Curves are irrelevant, when it comes to gradient. Just 15/270=%gradient. 15/270 = 5.5% gradient.
Having said that, a greater load is placed on a loco with trailing carriages when negotiating curves. Even flat ones. So a curve on a gradient will have a larger effect on the hill climb that a straight gradient. Asking me? 5.5% gradient is waaaaaaay to much. unless you load is only a couple of carriages. 3 – 4 at the most. 2% gradient at the most. ie 2cm in 100cm of track.
I banned any gradients from my layout just for that reason. On DC, struggles and wheels slip up the gradient, and then goes screaming down the other side. DCC handles gradients much better. Back EMF in the decoder.
And just something else to consider. Absolutely NOTHING under bare minimum 20” radius curves. You WILL get derailments.
Woodie said:
Bubblecar said:
My arithmetical incompetence rides again.Working on model railway plans and I want to know: descending steadily from about 15cm to 0 over the course of about 270cm (but involving various curves) = what gradient?
Curves are irrelevant, when it comes to gradient. Just 15/270=%gradient. 15/270 = 5.5% gradient.
Having said that, a greater load is placed on a loco with trailing carriages when negotiating curves.

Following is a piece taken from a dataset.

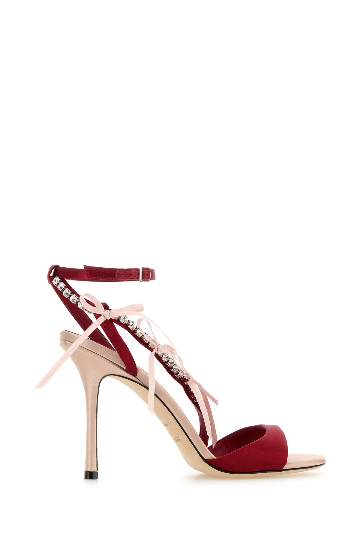 Sandali realizzati in raso arricchiti da cinturino gioiello sul collo del piede.
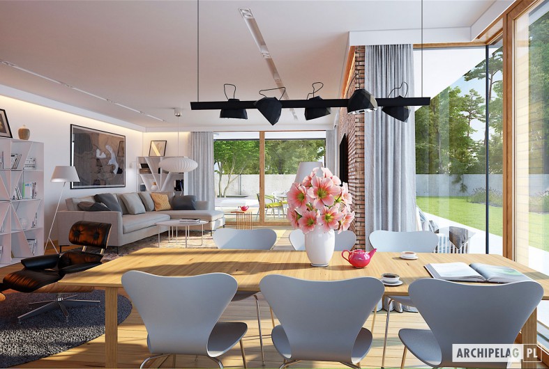 Projekt przeznaczony głównie dla osób szukających nowoczesnych i ciekawych form wykonania, oraz funkcjonalnych rozwiązań zagospodarowania przestrzeni. Tanita G2 to dom energooszczędny i przyjazny środowisku. Oprócz dużych, rozświetlonych pomieszczeń, zaletą projektu jest przestronny dwustanowiskowy garaż, wkomponowany w bryłę domu. Kompozycję uzupełnia taras z desek kompozytowych ProDeck, w kolorze orzechowym.

Even flat ones. So a curve on a gradient will have a larger effect on the hill climb that a straight gradient. Asking me? 5.5% gradient is waaaaaaay to much. unless you load is only a couple of carriages. 3 – 4 at the most. 2% gradient at the most. ie 2cm in 100cm of track.
I banned any gradients from my layout just for that reason. On DC, struggles and wheels slip up the gradient, and then goes screaming down the other side. DCC handles gradients much better. Back EMF in the decoder.
And just something else to consider. Absolutely NOTHING under bare minimum 20” radius curves. You WILL get derailments.
I learnt the hard way.
gradient = rise divided by run
Something for you Paryone. :http://blog.model-train-help.com/2014/08/whats-the-maximum-climbing-gradient-for-model-trains.html”:http://blog.model-train-help.com/2014/08/whats-the-maximum-climbing-gradient-for-model-trains.html
Woodie said:
Something for you Paryone. http://blog.model-train-help.com/2014/08/whats-the-maximum-climbing-gradient-for-model-trains.html
/fixed
Woodie said:
Bubblecar said:
My arithmetical incompetence rides again.Working on model railway plans and I want to know: descending steadily from about 15cm to 0 over the course of about 270cm (but involving various curves) = what gradient?
Curves are irrelevant, when it comes to gradient. Just 15/270=%gradient. 15/270 = 5.5% gradient.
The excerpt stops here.